Может, в той же гимназии. Вероятно, потому-то доктор Любельский после революции
и приехал в Брюссель, что свой французский он выучил в Одессе.
-
Одесса-мама, - опять сказала итальянская графиня, и маленькая слезинка
остановилась у нее в морщинке под глазами.
Наверное,
именно этого момента ждал слуга. И вот он вносит на подносе баночку икры,
нарезанный черный хлеб, масло, нож для масла и мисочку с корнишонами.
…Медленно
спускаясь по ступеням Монмартра, я уже знал, что этим летом не буду в Кортина,
и черт с ним с призом. В кафе "Флёр" меня поджидал Пьер Любельский.
Мы
проговорили несколько часов. Идея завербоваться в Иностранный легион отпала. Мы
решили плыть на корабле в Одессу и там вступить в красную кавалерию.
В
легион мы хотели пойти из-за Айши. Я встретил ее в кружке леваков, который
создал еврей из Александрии. Члены этого маленького кружка помогали борцам
национально-освободительных движений и подпольным группам добывать средства и
оружие. Я примкнул к кружку спустя год после того, как мне удалось получить французскую
визу и приехать в Париж. Мне сообщили номер телефона, я позвонил, и тот человек сказал
мне ждать его в ресторане. Там он дал мне пятьсот старых франков, и я смог
заплатить за гостиницу.
На
Монпарнасе я встретил старого друга, и он представил мне некоего человека, что
ночевал в ателье художницы-француженки, уехавшей в отпуск. По утрам мы обычно
выходили на охоту за талоном на обед в студенческой столовой. Был там еще один
гость, который рисовал портреты в кафе и на свои деньги кормил нас троих.
В
конце концов, я переехал жить к немке, которая в составе Интербригады
участвовала в гражданской войне в Испании. После немки я жил с француженкой, в
дни мировой войны бежавшей из Парижа с одной лишь сумкой, а в ней - револьвер и
"Капитал" Карла Маркса. Этажом ниже нас проживал Пьер Любельский –
молодой многообещающий художник.
Там
был большой сад, в котором однажды на Ту би-шват[2]
я посадил вишневое деревце, однако со временем, когда бульдозеры перепахали всю
эту территорию, чтобы построить там
квартал недорогого жилья, мое дерево тоже выкорчевали.
В
кружок меня привел тот друг моей юности. Через кружок я попал в маленькую
группу, которая помогала ФЛН - Движению за освобождение Алжира. Айша
координировала деятельность ФЛН в 15-м
квартале Парижа. Ей было двадцать два года. Естественно, мы влюбились друг в
друга.

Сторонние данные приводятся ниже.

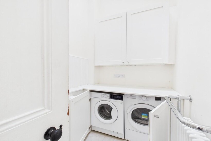 The kitchen has been professionally designed and installed by artisan craftsmen to curate a bespoke range of wall and floor mounted cabinetry finished in solid white slab and topped with complementing granite work surfaces. Glazed storm doors open directly to the rear with an iron staircase to provide access to the rear gate. The kitchen is a wonderful space for the aspirant cook of the house to utilise with the dining room adjacent. The kitchen is fully equipped with electric oven, gas hob, dishwasher and freestanding larder style fridge freezer.
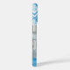 estuche de teléfono monogramado por personalizado con un patrón de chevron color agua boho en colores azul y blanco. Personalízalo con tu nombre monograma u otro texto. Utilice las herramientas de diseño para agregar la foto de su personalizado y editar los tipos de letra y los colores del texto para crear un diseño único.
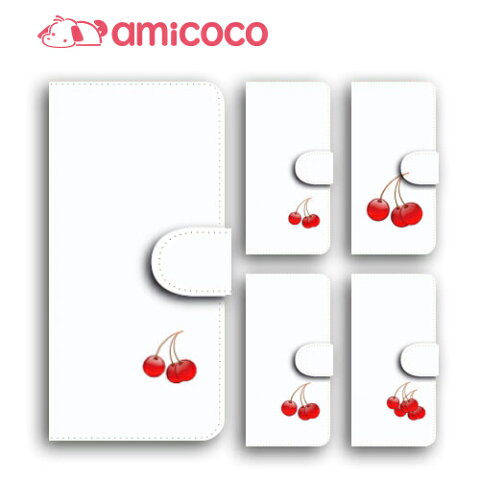 【手帳型,スマホケース,主要,全機種対応,iPhone9,Galaxy,S20,5G,Xperia,XZ3,等,全面印刷,メール便 送料無料】iPhone11 iPhone11Pro Xperia5 Xperia8 XZ2 sense3 pixel4 F-01L 他さくらんぼ・チェリー 白
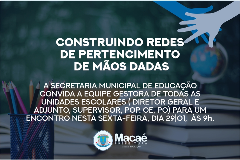 Diretores, orientadores pedagógicos e educacionais, supervisores e professores orientadores participam nesta sexta-feira (29), às 9h, da programação de acolhimento especial realizada pela Secretaria de Educação. O evento vai acontecer no sistema remoto, através de link no canal do Youtube. Com o tema "Construindo Redes de Pertencimento de Mãos Dadas", o encontro tem como objetivo dar boas-vindas às equipes gestoras, fortalecer os princípios das alianças, destacar a coletividade e afetividade, além de apresentar as diretrizes da pasta.
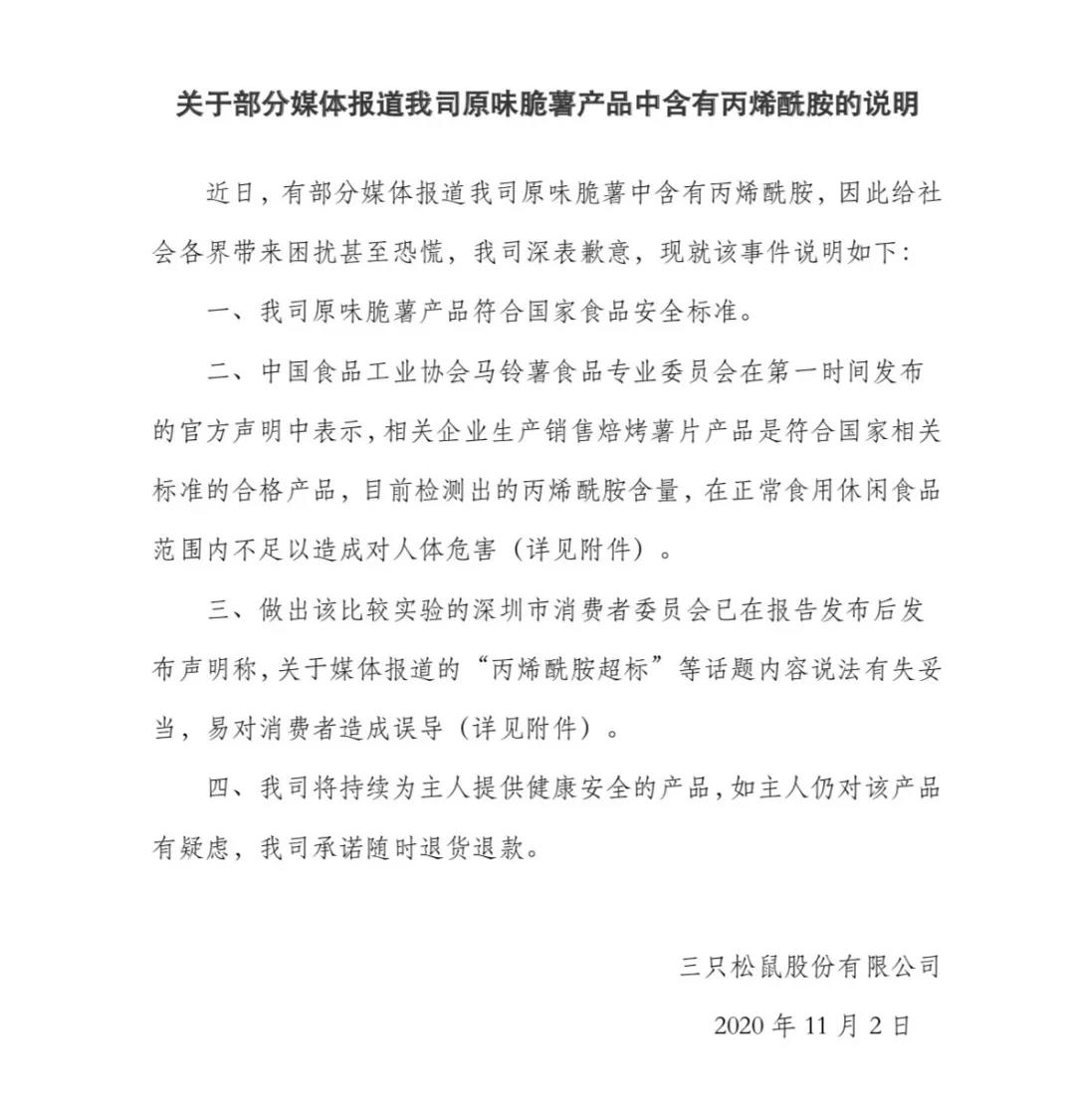 e公司讯,三只松鼠在e公司资本圈发布声明,公司原味脆薯产品符合国家食品安全标准。中国食品工业协会马铃薯食品专业委员会在第一时间发布的官方声明中表示,相关企业生产销售焙烤薯片产品是符合国家标准的合格产品,目前检测出的丙烯酰胺含量,在正常食用休闲产品范围内不足以造成对人体危害。做出该比较试验的深圳市消费者委员会已在报告发布后发布声明称,关于媒体报道的“丙烯酰胺超标”等话题内容说法有失妥当,易对消费者造成误导。

Потом она изменила мне с Пьером.
Когда
она сказала мне об этом, я пригласил Пьера в кафе "Флер" для беседы,
и после того, как мы оба согласились, что дружба между нами сохранится всегда,
то решили стать добровольцами, чтобы искупить позор, которым себя запятнали.
Тогда речь и зашла об Иностранном легионе, но Пьер с жаром доказывал, что нет
смысла жертвовать своей жизнью иначе, как ради благородной цели, и только
великая революция рабочих и крестьян под руководством Ленина и Троцкого – это
надежда человечества, и нам ничего не остается, как вступить в красную конницу.
Пьер
Любельский был близоруким евреем, носил очки и никогда не сидел на коне. Он
будет убит при форсировании реки Збруч.
Мы
отплыли из Марселя.
Общество
пассажиров 4-го класса – а только с ними я общался во время плавания – было
странным и пестрым. Были студенты из России, которые изучали земледелие в
Гренобле и ехали, чтобы участвовать в красной революции. Был отставной
английский офицер в чине майора с желтыми выцветшими усами, который верил, что
высшей ценностью
является
свобода человека. Я подружился с ним, может быть потому, что был единственным,
кто умел разговаривать на его языке. Спустя много лет я встретился с ним в
Тель-Авиве при странных обстоятельствах, но это уже другой рассказ.
Был
волнительный момент, когда мы проходили Босфор. Я стоял один, облокотившись на
поручень палубы. Была ночь. Дрожали огни Стамбула. Мраморное море все сияло.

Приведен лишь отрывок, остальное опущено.